Speaking at the Gartner IAM summit in Westminster, London on Tuesday, Scholtz opened by saying that treating employees like responsible adults can have a positive effective, not least in reducing the risk of insider threat but also in helping IT departments to more closely monitor external threats attempting to breach the corporate network.
Scholtz – a research VP of Gartner who specialises in security management - was of course primarily talking in relation to identity management but his comments, to an audience of security professionals including CISOs, were directed more generally at IT security.
He urged attendees to treat people as the “most powerful agent in the security infrastructure”, instead of treating “them like children” – an approach which futurologist Peter Cochrane says that often results in people acting in an immature way (he says: “If you treat people like children, they will behave like children”)
“97 percent of people want to do the right thing so why treat them like the criminals trying to attack us from the outside?” asked Scholtz.
As part of this, the Gartner exec said that companies should move towards to a people-focused environment, with less preventative controls, less bureaucracy and less focus on policy/compliance. Ant Allan agreed and said that – while primarily authentication remains key – there shouldn't be a desire to “nail everything down to the nth degree”.
By doing this, both Gartner analysts argued that people-centric identity management can improve staff morale, the agility of a team, save money and can help companies to use IT to achieve their business objective. “This is hypothetical, but the probability of [this] improving security is not pie in the sky,” claimed Scholtz.

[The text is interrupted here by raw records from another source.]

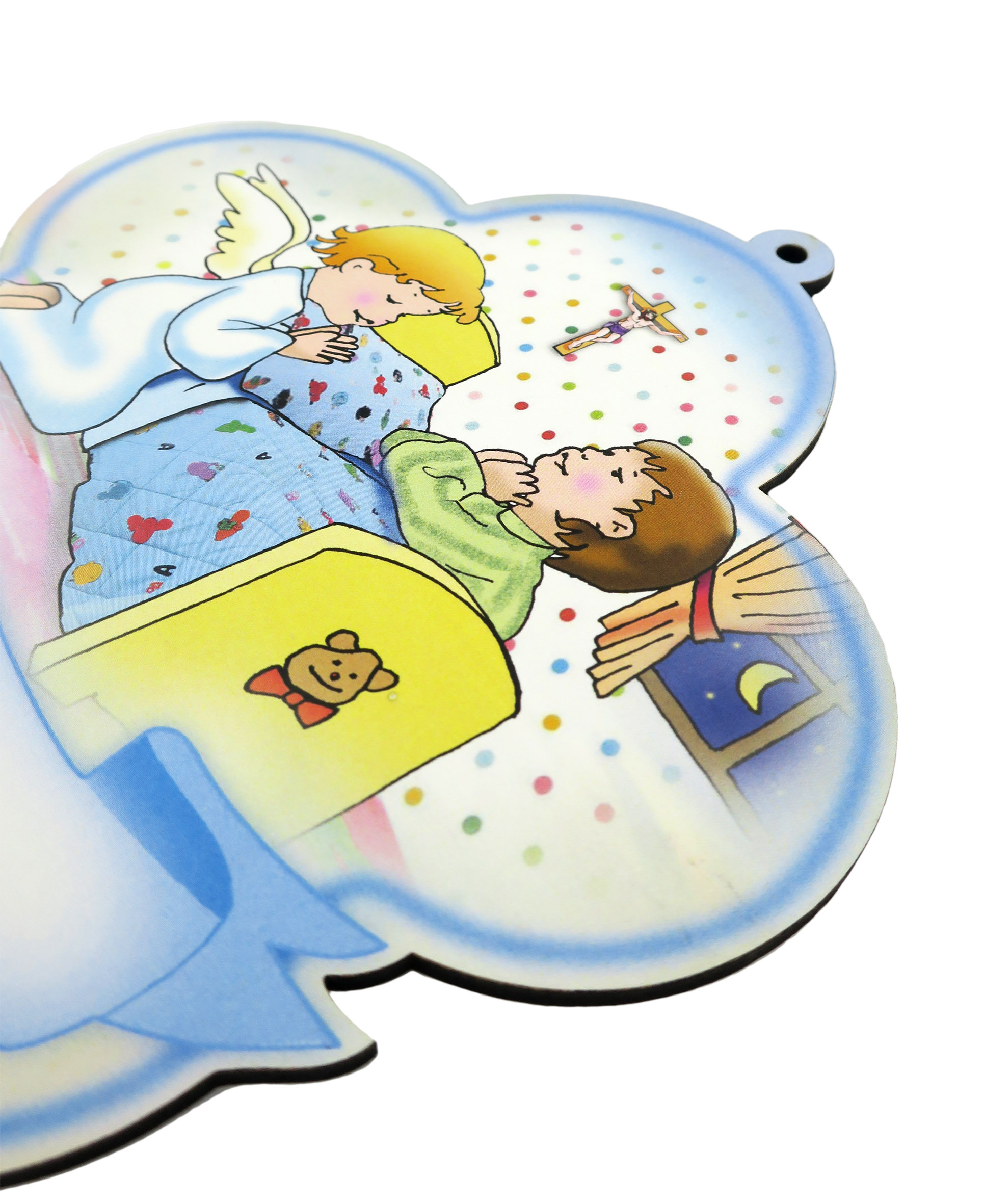Quadro in legno Angelo custode azzurro con nome da compilare - 15 cm x 16 cm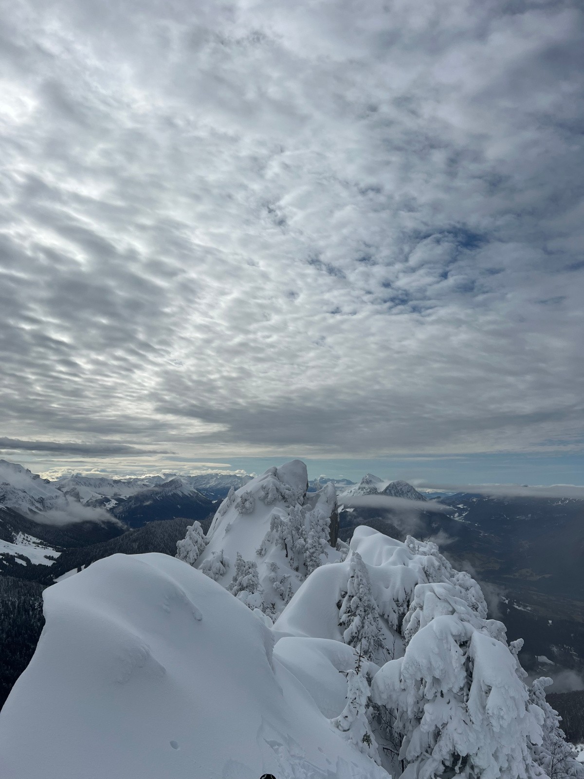 Les sapins sont sublimes avec toute cette neige humide qui donne un coté un peu Laponie une fois au sommet. Descente pas si pire jusqu'à 1500 environ après c'était vraiment lourd et humide.. les cuisses chauffent ! Rencontre de Cdtrelod74 avec qui on à fait une partie de la descente, très sympa et merci pour les photos ! au plaisir ;)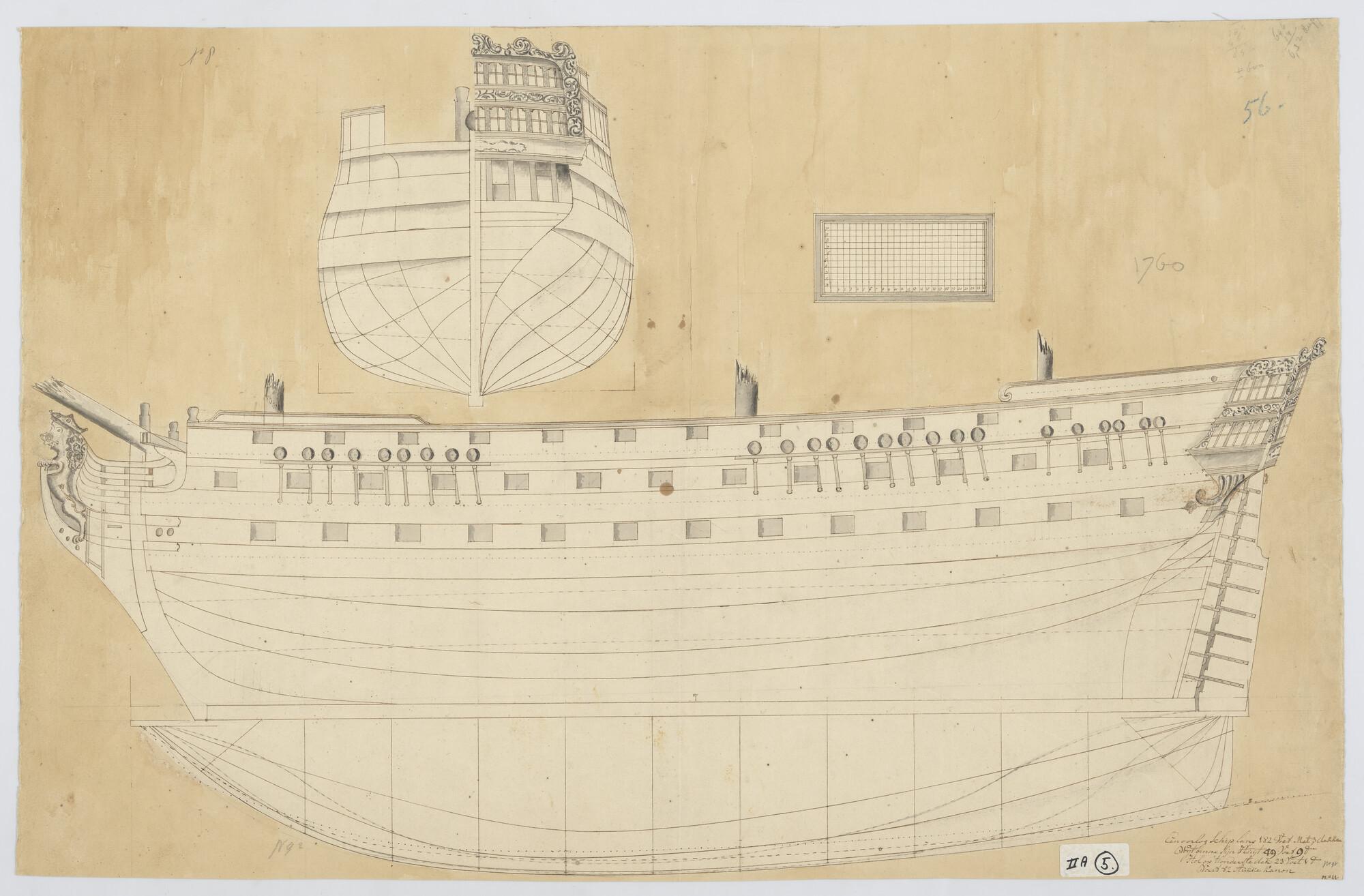 Lijnenplan met zijaanzicht, achteraanzicht, spantenraam, waterlijnen van een driedeks oorlogsschip van 82 stukken. De afmetingen van het schip zijn 182 x 49.9 x 23.1 voet.
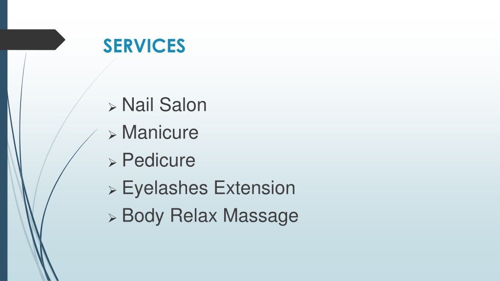 3. SERVICES • Nail Salon • Manicure • Pedicure • Eyelashes Extension • Body Relax Massage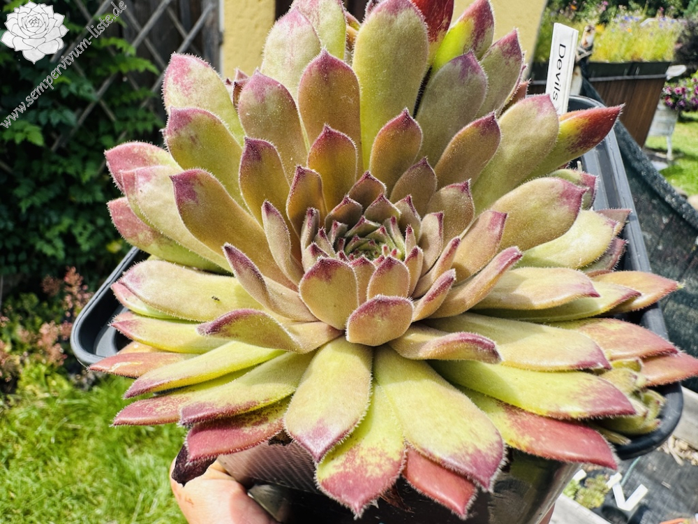 Im Juni verwandet sich die Farbe der äußeren, samtigen Blätter in ein tiefes Rot. Die mittleren Blattreihen strahlen in hellem beige und die Spitzen werden ebenfalls tiefrot. Im Sonnenlicht scheinen die Blätter goldgelb. Das helle Rosettenherz ist fest geschlossen und die Blättchen zeigen einen roten Dorn.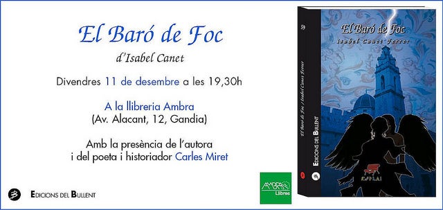 El pròxim divendres 11 de desembre, a les 19.30 h, estarà amb nosaltres Isabel Canet Ferrer, autora del llibre El Baró de foc,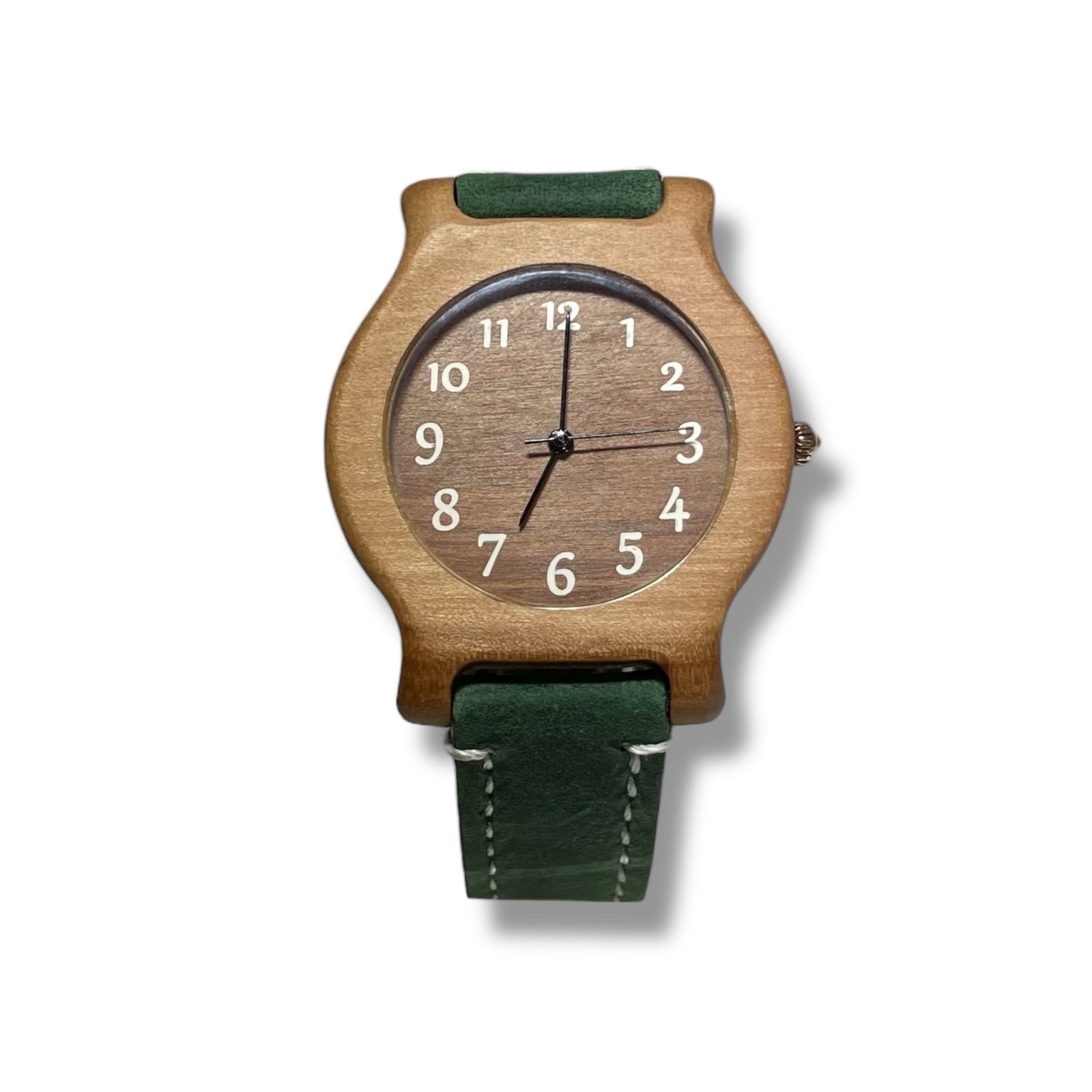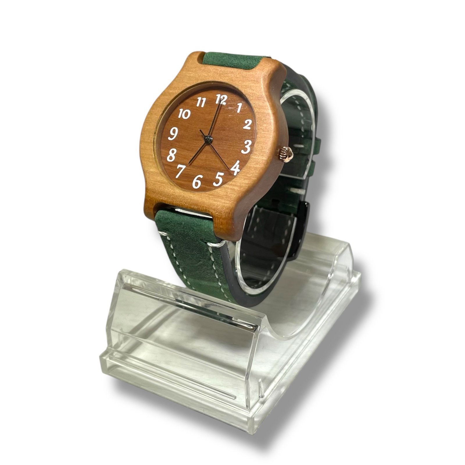 Ura iz lesa jablane, z številkami bele barve ter zelenim paščkom.

To illustrate, he cited one unnamed company which had implemented a security environment where they didn't unnecessarily circumvent job controls, freeing up employees to get the job done. What they found, Scholtz says, was that IT departments had to filter a “lot less noise in the monitoring environment”, allowing them to focus more on malicious outside threats.
“When they were monitoring an environment, or detecting an incident – there was a much higher probability that it was a security problem. Ironically, they ended up with better security even though [IT] had less controls.”
Another company, a large industrial firm, gave users more access to an enterprise resource planning (ERP) system than they really needed. “The lesson learnt was that people could be trusted, they could be given more access than they needed and wouldn't abuse it,” said Allan.
It's an approach born out of the “Shared Space” research from Hans Monderman, who helped build quiet areas in cities, with the aim of fewer accidents. Moderman stripped out traffic lights, signs, crosswalks and lane markers, with the intention that pedestrians, motorists and cyclists would be able to negotiate through streets by communicating with each other.
Scholtz believes that the same model could work in the security space, with users forced to make their “own risk-based decisions”.
You can still keep the bad guys out
Both men were keen to stress that affording more controls to the end user isn't about relaxing security, but simply about trusting them enough to do the right thing. And should they betray that trust, Scholtz still urged companies to be strong if need be.
“Obviously, you've still got to keep the bad guys out – we need to make sure employees have the knowledge and skill to behave in the right way. If people do misbehave, punish them effectively for the individual. Weak leaders are too scared to punish the individual,” said the analyst, adding that such leaders would often block access for a whole department.
“I am not saying that this [approach] suits all enterprises, but it can work in the right environment.”
Allan added that this would likely be down to establishing a baseline a trust, a need to protect the critical things, and urged companies to look to monitoring tools – like SIEM and big data security analytics, as well as recognition and authentication technologies, such as biometrics and voice recognition.
Allan concluded: “Corrective controls don't go away – you still have to monitor – but it's about being more focused on services rather than restricting an organisation and stopping it working.”